* _WHAT IS EXPECTED_:
In the data below, set down exactly the lines from the one containing "Heinz fühlt sich" up to and including the one containing "Комплект штор EkoShtory". Leave the pictures out.

----- INFORMATION SHOWN -----

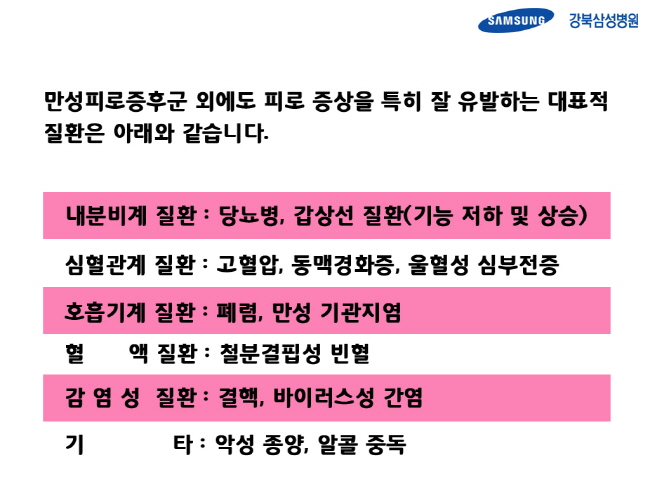만성피로증후군 외에도 피로 증상을 특히 잘 유발하는 대표적 질환은 아래와 같습니다.
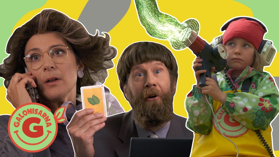 Kontorisarna tror inte att blad finns i verkligheten. Det måste Galonisarna ändra på! Växternas blad är livsviktiga för allt liv på jorden. De kan göra syre av solljus. Och syre behöver både djur och människor!
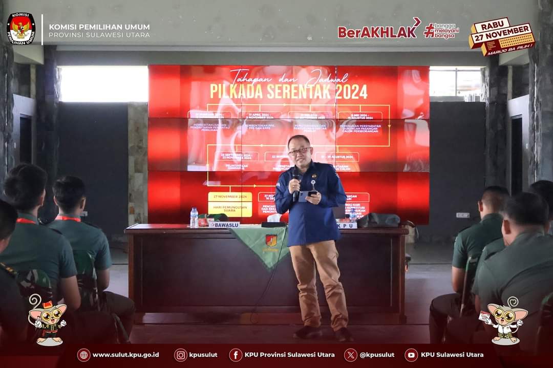 Petasulut.com, KPU – Sekretaris KPU Sulut Meidy Malonda didaulat menjadi salah satu narasumber dalam kegiatan Sosialisasi Pelaksanaan Pemilihan Kepala Daerah (Pilkada) Tahun 2024.
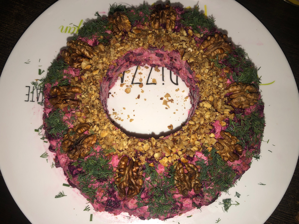 Я уже давно заглядывалась на этот салат, выглядел он на картинках просто потрясающе! Смущала свекла - я ни в каких салатах, кроме винегрета, никогда её не ела и даже не представляла. Но я открыта новому. Тем более, что отзывы на салат в интернете очень положительные. ✅ Грудка куриная копченая - 2 шт ✅ Свекла небольшая - 6-7 шт ✅ Орехи грецкие - 300 г ✅ Чеснок - 1/2 головки ✅ Майонез ✅ Соль и перец по вкусу ✅ Свежий укроп - пара веточек С куриными «сисями» иногда возникает непонимание, 2 шт - это сколько? Это грудка с одной стороны и грудка с другой стороны, и того - две. Или одна цельная грудина от одной птиченьки. С остальным вроде бы всё точно понятно, но, если что - добро пожаловать в комментарии! Салат красивый, необычный и вызывает интерес гостей! На вкус тоже всем понравился. Правда, я теперь им насладиться не могу - вкусы пропали со вчерашнего дня, но я непременно его приготовлю снова! Красивое) Как вам салат, дорогие друзья? Будете пробовать? Поддержите публикацию лайками. Реце
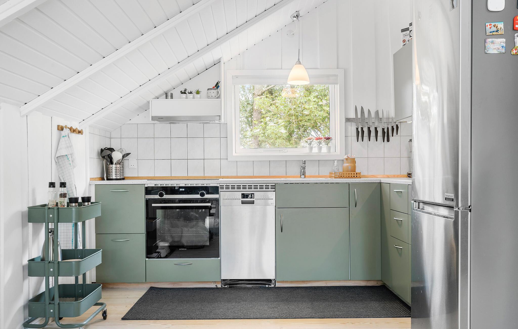 Huset er indrettet med et hyggeligt, kombineret køkken/alrum med god plads til seks personer. Her findes tre soveværelser, et badeværelse med brus samt en skøn udestue, der ligger i forbindelse med stuen. Udendørs har I en dejlig terrasse, hvor I kan nyde vejret, mens børnene leger i haven.
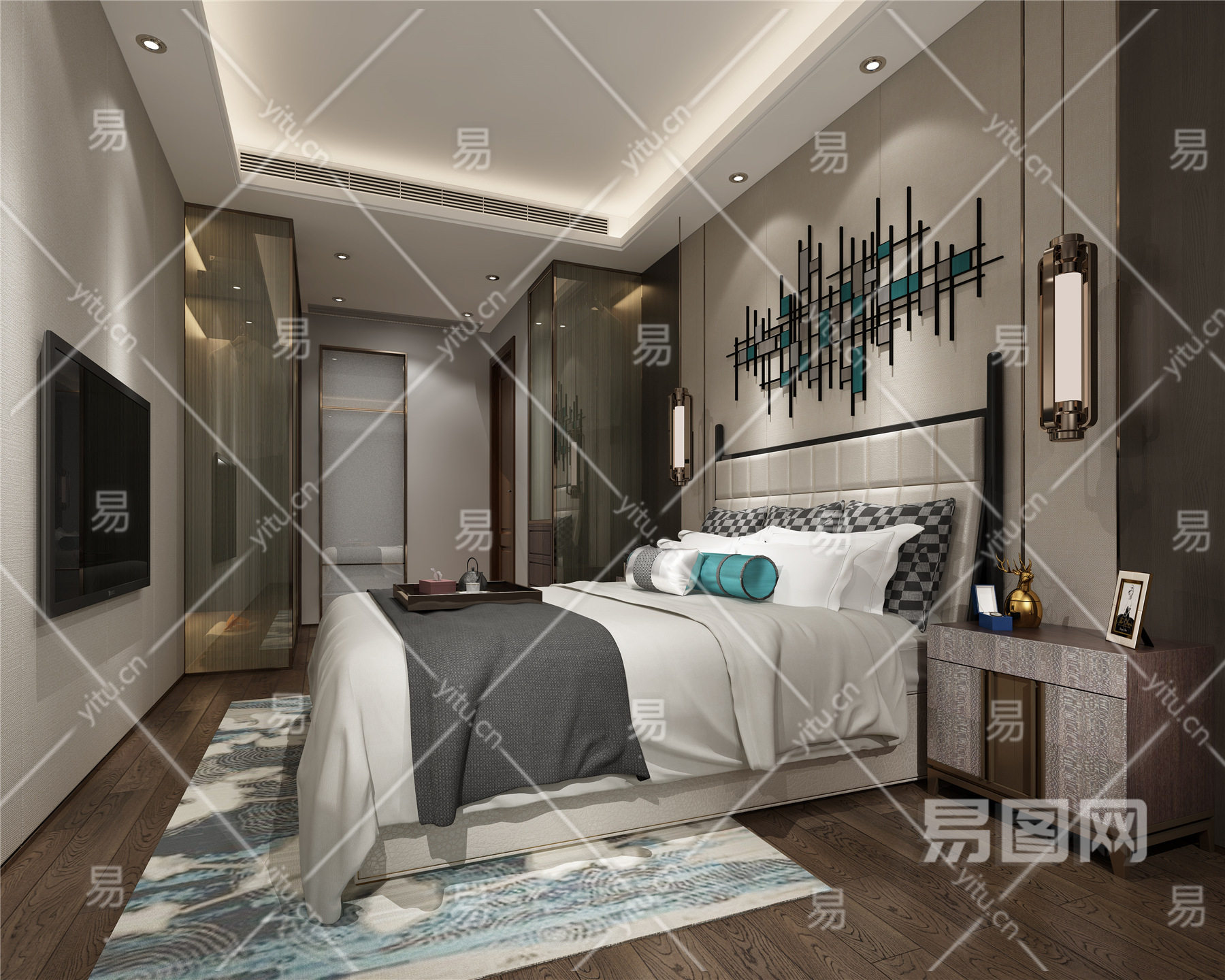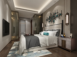 新中式卧室 双人床 墙饰摆件 吊灯雕塑 卫生间
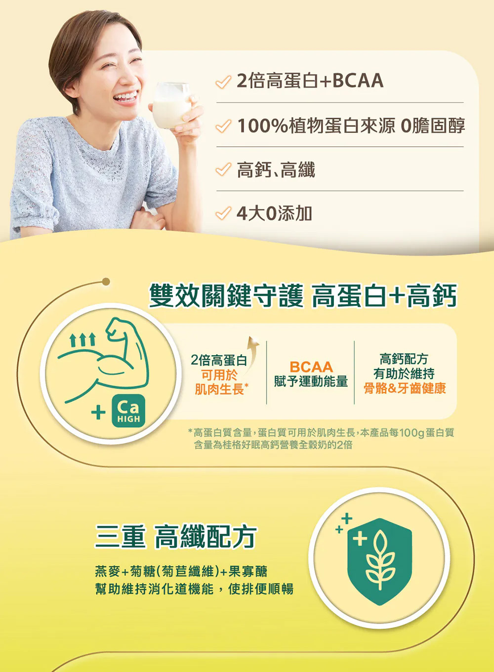 .100%植物蛋白來源,2 倍植物高蛋白,雙重膳食纖維,高鈣配方。
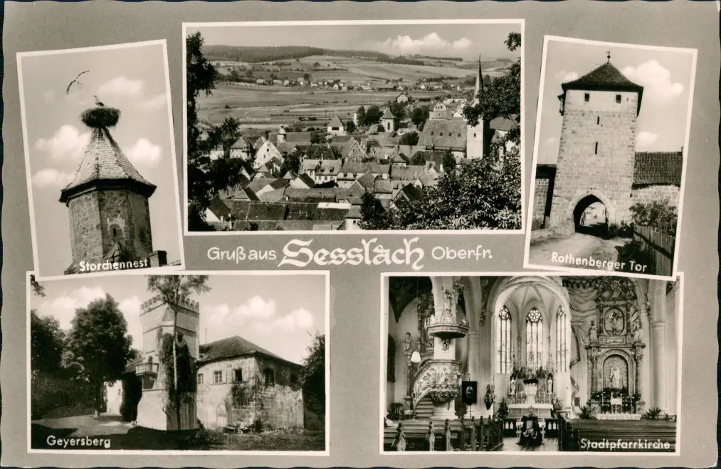 Seßlach Mehrbild-AK mit Storchennest, Geyersberg, Pfarrkirche uvm. 1965
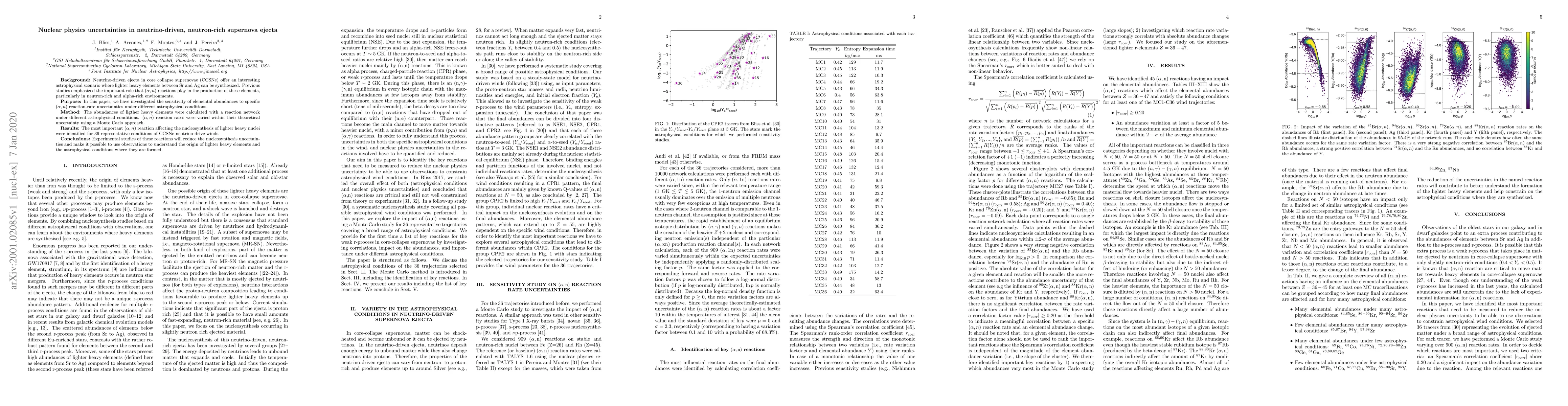 This paper investigates how uncertainties in ($\alpha,n$) reaction rates affect the synthesis of lighter heavy elements in neutrino-driven supernova ejecta. Through a Monte Carlo study, it identifies key reactions influencing elemental abundances, emphasizing the need for experimental studies to reduce nucleosynthesis uncertainties and better understand astrophysical conditions.
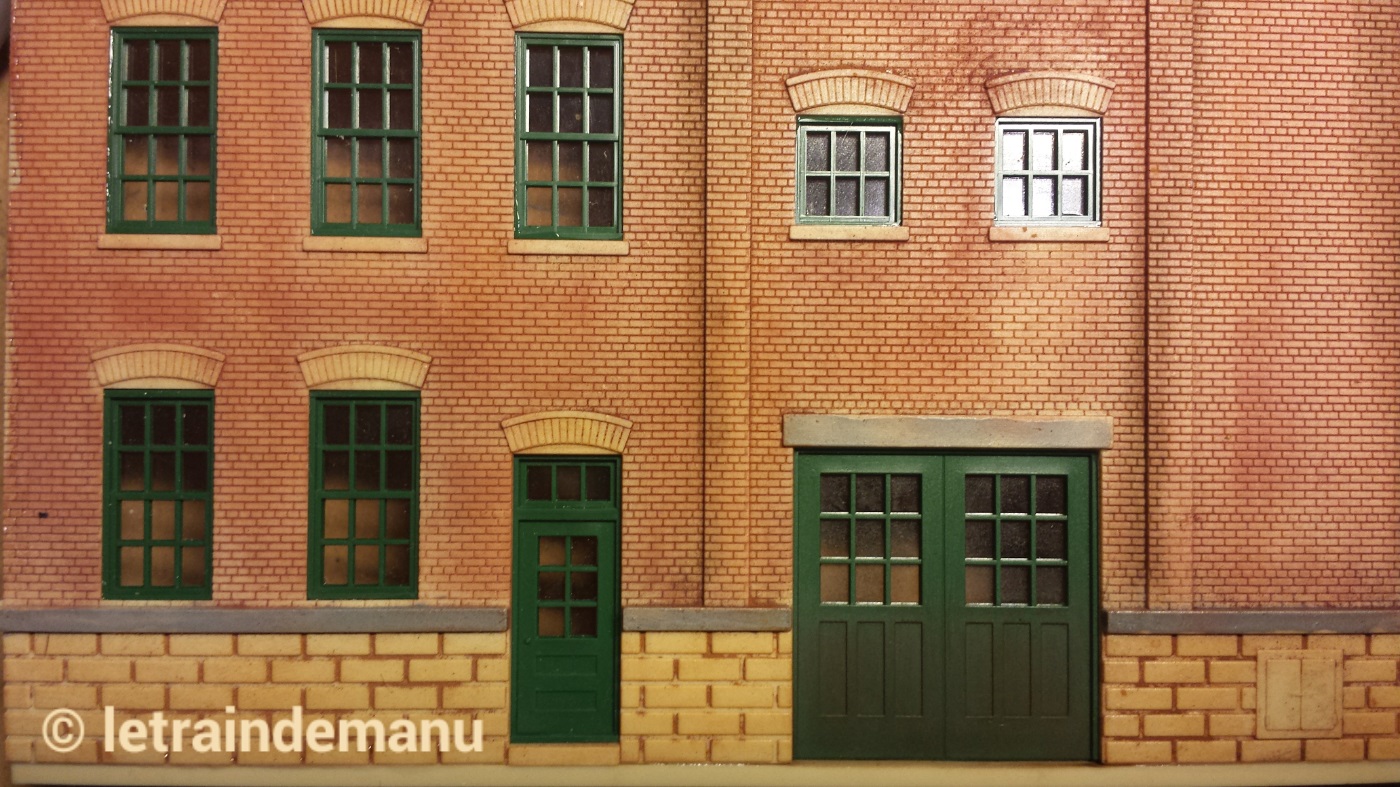 Le modèle représente en effet une façade de bâtiment industriel – de 311 mm de long sur une profondeur de 50mm – avec un partie administrative ou atelier et une partie entrepôt avec un quai de chargement. Le kit peut donc convenir à de nombreuses activités. Je n’ai d’ailleurs pas encore défini la branche professionnelle qui sera représentée, celle-ci sera sans doute dictée ultérieurement par les coups de cœurs qui impulseront les achats de figurines et de véhicules qui y donneront vie.
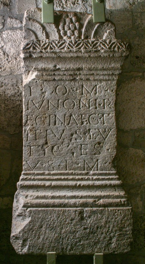 - I(ovi) o(ptimo) m(aximo) / Iunoni R/eginae G(aius) T/itius Eu/ty(h)ces / v(otum) s(olvit) l(ibens) m(erito)
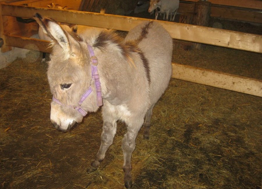 Heinz fühlt sich schon ziemlich wohl bei uns im Muxelhof, Eselin
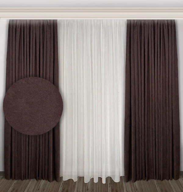 Комплект штор EkoShtory мікровелюр 200х225 см, каштанових №2504 2шт
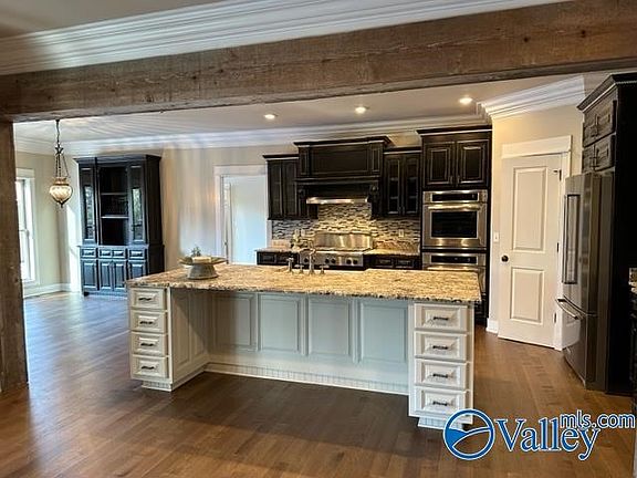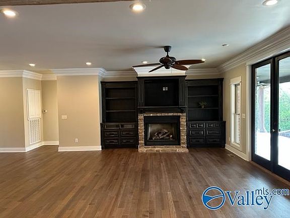 Spacious living at your own tranquil retreat all on 1 acre! This completely updated home boasts 3810 sq. ft., security cameras, engineered HW flooring, crown molding throughout. Open kitchen offers KitchenAid appliances, including new refrigerator, custom build ins, wine rack, farm-style sink, walk-in pantry and gas cooktop with tile backsplash. Look out over your 20x40 in-ground pool, (new liner) and pool house w/outdoor wet bar, granite countertops, gas log fireplace, pool equipment storage and 1/2 bath, perfect for entertaining in style. Plenty of room upstairs for private office and game room or another bedroom with full bath! Two car garage. Lake Guntersville is only steps away!

-----

* _THE COMPLETED TASK_:
 Heinz fühlt sich schon ziemlich wohl bei uns im Muxelhof, Eselin
 Комплект штор EkoShtory мікровелюр 200х225 см, каштанових №2504 2шт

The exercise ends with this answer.